Will EU "Connected Continent" Plan Spur Investment, or Not?

European Union Connected Continent legislation ending all roaming charges within the EU, creating a network neutrality framework and also circumscribing the ways Internet service providers advertise and market their services are part of a package approved by the European Parliament.

The legislation faces another vote in Parliament, and then must be approved by member states, so the final version of the rules could change.

There are questions large and small, though. The specific proposals, which might be further modified, are easiest to explain.

For mobile service providers, the biggest change is the complete ban on roaming charges within EU countries.
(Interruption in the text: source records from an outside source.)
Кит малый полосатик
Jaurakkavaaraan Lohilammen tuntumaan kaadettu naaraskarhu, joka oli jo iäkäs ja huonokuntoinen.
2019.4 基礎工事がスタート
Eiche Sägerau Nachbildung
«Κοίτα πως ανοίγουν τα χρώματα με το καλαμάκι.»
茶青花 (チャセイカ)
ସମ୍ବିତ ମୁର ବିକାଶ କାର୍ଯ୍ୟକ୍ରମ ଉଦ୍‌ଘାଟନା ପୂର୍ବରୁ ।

For application providers, the biggest consequence is anti-blocking rules, referred to as network neutrality, but arguably better described as prohibiting any Internet service provider from blocking lawful apps.
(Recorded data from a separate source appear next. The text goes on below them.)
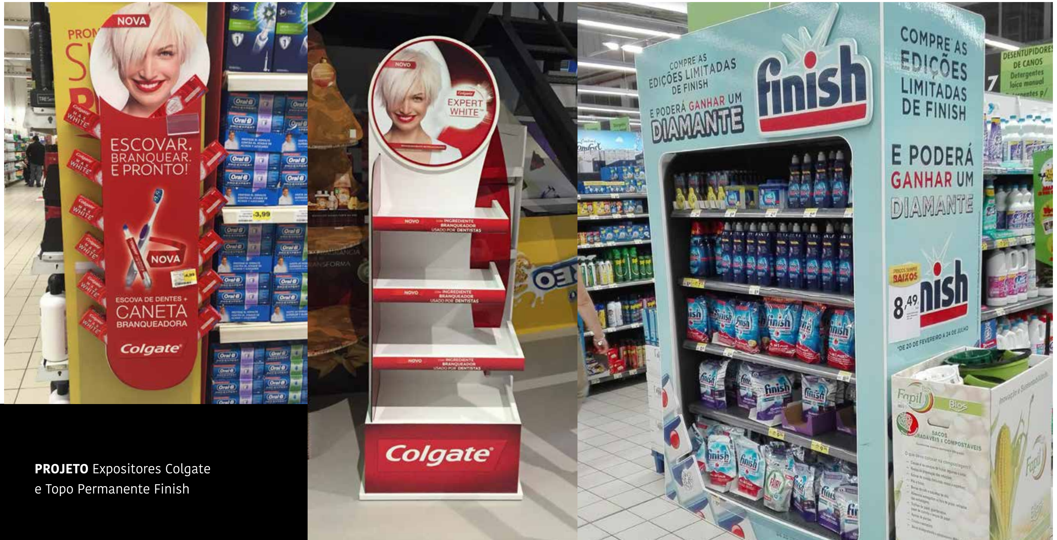
PROJETO Expositores Colgate e Topo Permanente Finish
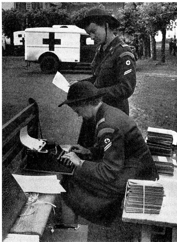
Deux chefs de détachement d'une formation croix-rouge inscrivent les résultats de l'examen radiologique dans les livrets de service.

D'autre part, la Croix-Rouge suisse doit s'adresser aux samaritaines , aux spécialistes et aux éclaireuses susceptibles d'entrer dans ses détachements pour leur faire comprendre la nécessité de se mettre dès à présent à disposition. Car les soins aux blessés et aux malades ne s'improvisent pas. Si l'on veut que nos malades et nos blessés, en cas d'urgence, puissent recevoir dans les formations appropriées les soins qu'ils appellent, c'est dès maintenant qu'il faut que ces détachements puissent être constitués et préparés à leur tâche. Lorsque survient une catastrophe, la Croix-Rouge suisse reçoit chaque fois une quantité d'offres de volontaires souhaitant se dévouer et venir en aide aux victimes, elle en reçoit même infiniment plus qu'elle n'en a besoin. Mais ces dévouements de la dernière heure, si touchants, si précieux soient-ils, ne peuvent remplacer auprès de malades ou de blessés le travail efficace et bien coordonné de formations composées de personnes préparées à cette tâche et à cette collaboration. Pour assurer la sécurité des nôtres, soldats ou civils, en cas de sinistre, de catastrophe, peut-être de guerre, nous devons être prêts dès maintenant. Il est donc indispensable que l'effectif nécessaire de spécialistes, de samaritaines et d'éclaireuses soit atteint dans nos détachements aussi rapidement que possible.
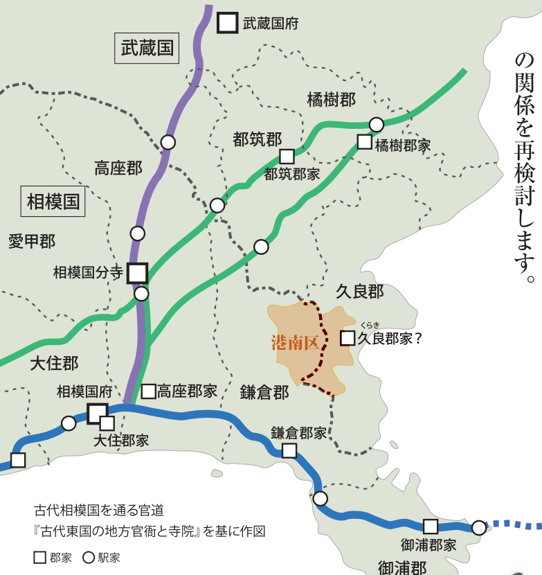
古代相模国を通る官道 『古代東国の地方官衙と寺院』を基に作図 □ 郡家 ○ 駅家

神奈川では、最近史跡指定された川崎市の橘樹官衙遺跡群（武蔵国橘樹郡家）や茅ヶ崎市の下寺尾官衙遺跡群（相模国高座郡家）など、古代郡役所の姿が明らかになっていきます。郡役所は、律令国家が中央集権的な地方統治をどう実現したのかを知るカギとなります。その構造・機能や道を読み解き、古代の中央・地方の関係を再検討します。
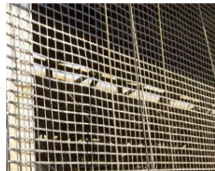
Pletiva a sítě
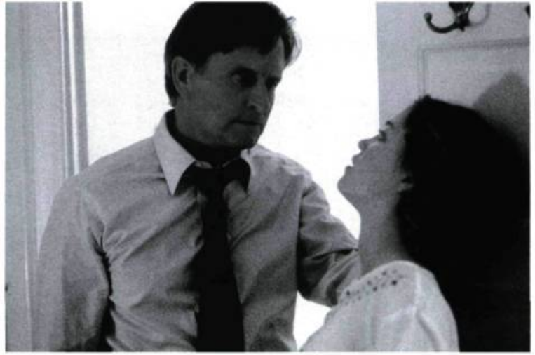
Michael Douglas et Erika Christensen.
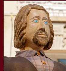
Joseph de Nieppe (F)

D 25 Lu 26 Saint Jans Cappel (F) , Ducasse, avec la sortie de Reuze Maman.
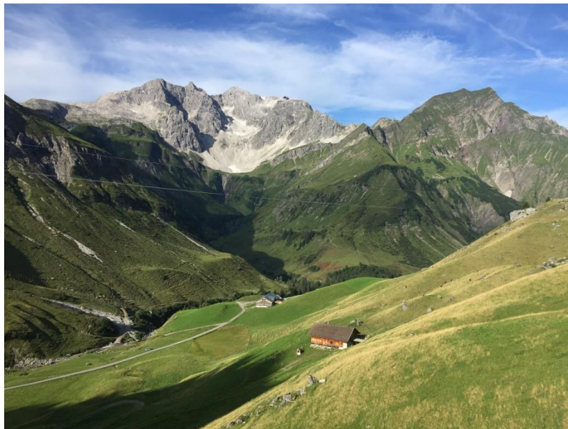
Blick auf vor uns liegende Etappe hinauf zum Fürgele
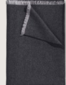
1600 PLAID 9172 anthrazit
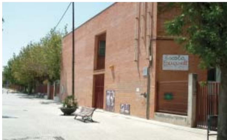
Els problemes de clavegueram de l'Escursell han quedat solucionats

Les obres de manteniment i millora que l'Ajuntament ha realitzat als centres educatius durant l'estiu es completen amb els treballs de pintura interior i exterior al CEIP Josep M a Ginesta, amb un cost de 42.671,46 euros.
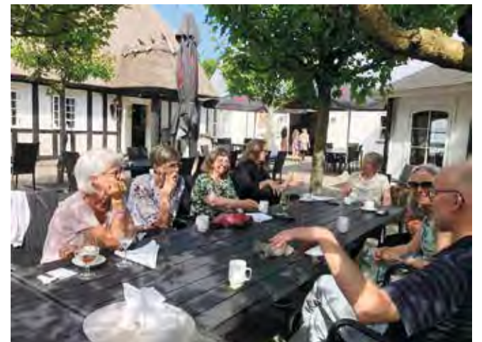
Frokost i strålende solskin på Den Gylden Hane.

Dagen gik med tur rundt på skolen, og derefter var der frokost på Den Gylden Hane.
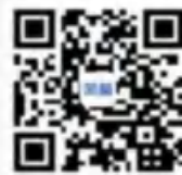
昆明市五华区文泽小学

五华区是云南省省会昆明市的中心城区，毗邻云南省政府五华山，地处翠湖之畔。这片土地历史悠久，人文气息浓郁。这里是科教、文化、商贸、金融、通讯等机构的聚集地，拥有包括云南大学在内的 11 所高等院校，以及昆明物理研究所等 30 多个科研机构。这
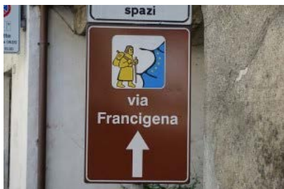
Von Basel nach Rom

Bonn: Kreative Köpfe für Mobilitätswende gesucht. Bonn will bis 2030 die CO 2 -Emissionen um mindestens 40 Prozent senken und bis 2035 klimaneutral werden. Zur Umsetzung der Mobilitätswende und des Radentscheids sucht die Stadt Bonn nun Planer*innen und Bauingenieur*innen für die Entwicklung zukunftsfähiger Konzepte und Strategien. Idealerweise mit abgeschlossenem Hochschulstudium im Verkehrswesen, Stadt- und Regionalplanung oder Geografie. Bewerbungsfrist endet am 26.11. 2021. Mehr Informationen zu den Stellenausschreibungen
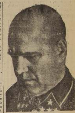
General Zhukov, que comanda el ejército ruso que avanza hacia Smolensk.

Los ejércitos de Zhukov son los que cruzaron el río Dvina, al sudoeste de Bryansk, a principios de mes, y continuaron avanzando hacia el noreste, teniendo a Smolensk como objetivo. Empleando cosacos y artillería tirada por caballos, a través del barro que cubre la mayor parte del terreno en esa zona, las fuerzas rusas se abrieron paso sucesivamente a través de las líneas alemanas y ahora se han aproximado a la ciudad de Smolensk lo suficiente como para poder cañonearla.
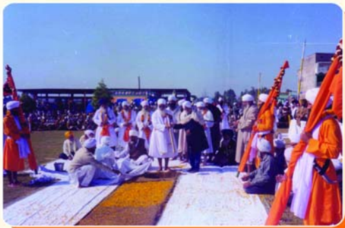
ਗੁਰਦੁਆਰਾ ਈਸ਼ਰ ਪ੍ਰਕਾਸ਼ ਰਤਵਾੜਾ ਸਾਹਿਬ ਦੀ ਨੀਂਹ ਰੱਖਣ ਸਮੇਂ ਮਹਾਂਪੁਰਸ਼।

ਸਵਾਮੀ ਜੀ ਨੇ ਦੇਹਰਾਦੂਨ ਵਿਖੇ ਮੈਡੀਕਲ ਕਾਲਜ ਦੀ ਨੀਂਹ ਪਿਆਰੇ ਮਹਾਂਪੁਰਸ਼ਾਂ ਦੇ ਕਰ-ਕਮਲਾਂ ਤੋਂ ਰਖਵਾ ਕੇ ਇਕ ਵੱਡੀ ਮਿਸਾਲ ਕਾਇਮ
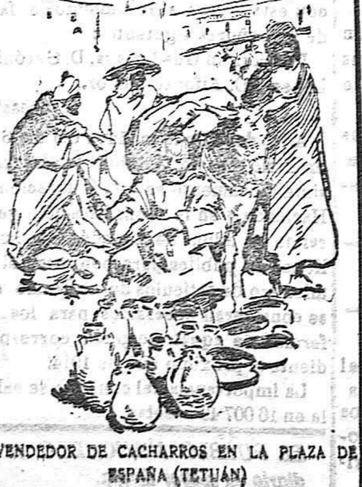
VENDEDOR DE CACHARROS EN LA PLAZA DE ESPAÑA (TETUAN)
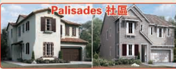
Palisades 社區 3種戶型選擇 3臥室 2.5浴室 2,438-2,775平方呎
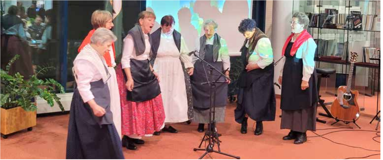
Nastop ljudskih pevk "Jesensko listje" iz Dokležovja na slovesnosti ob Jeričevih dnevih v Murski Soboti
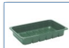
MC 1200 M4 265 x 165 x 43 mm
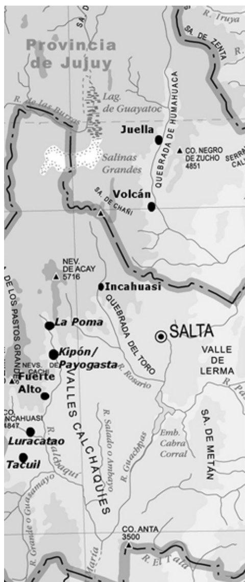
Figura 1. Sitios arqueológicos mencionados en el texto. Los nombres que figuran en cursiva corresponden al nivel de procedencia localidad.

entender las experiencias que afectan a la biología humana en el marco de relaciones de poder que estructuran el acceso a los recursos materiales y, de esta forma, “desnaturalizar” la noción de que las diferencias en la salud sean dadas, inevitables y experimentadas de igual manera por todos los miembros de una sociedad. En cambio, las distribuciones desiguales de enfermedad, desnutrición y trauma son entendidas desde esta perspectiva como resultado de los productos de la acción humana (Leatherman y Goodman, 1997; Zuckerman y Armelagos, 2011).
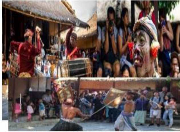
Gambar 3. Kesenian Tradisional

Among other consumer protection provisions, ISPs will have to modify their marketing, refraining from using “up to” clauses when referring to access speed. Instead, ISPs will be required to supply information on the “average speeds” they actually provide to their customers during normal and peak times.

The long-term questions are harder to assess. The legislation is supposed to unlock investment in next generation networks. But some do not believe this will happen, in part because the rules make reliance on wholesale access to new markets even easier.

Strand Consult thinks the EU communications market will face greater business risk as a result, in part from arbitrage of prices between high-cost and low-cost markets.

The vote will need to be approved by Council of Ministers, which is unlikely before the EU Parliamentary elections in May 2014.  

“The package raises more questions than it answers and exacerbates the challenges that the EU and the telecommunications industry have and will have the next four to five years, Strand Consult argues.

“We believe that the telecommunications market in Europe will be somewhat similar to a free fall over the next four to five years,” Strand Consult predicts.

Nor will the new rules spur needed investment in next generation infrastructure, Strand Consult argues.

Consumers will be able to terminate their contracts if there is a significant and non-temporary discrepancy between what they were promised and the service they actually get, in terms of access speed.

That will be a bit of a statistical challenge, since actual speeds experienced by any user, at any time, will depend on what other users sharing access resources are doing. Additionally, access speed will hinge on devices used with the access connection, as well.

The legislation also helps harmonize spectrum allocation across the EU, and simplifies regulations in ways that will make pan-EU services easier to create.

Service providers will have the chance to operate in all countries through a single EU authorization, and the chance to deal with that one authority on other licensing issues, instead of being required to get separate licenses in each member nation.

In other words, service providers would gain pan-EU legal certainty and equal regulatory treatment.

Spectrum policies also will be harmonized, a move that is expected primarily to benefit 4G Long Term Evolution mobile networks. Wholesale access policies likewise will be standardized to a greater extent across borders, and essentially making it easier for competitors to enter new markets using wholesale access mechanisms.

Service providers, as you would guess, are not happy with many of the new rules. Service providers probably are resigned to the end of roaming fees, but the network neutrality rules, which would prevent creation of new quality assured services, likely will get more resistance as the rules are considered by each of the national regulators who must also agree.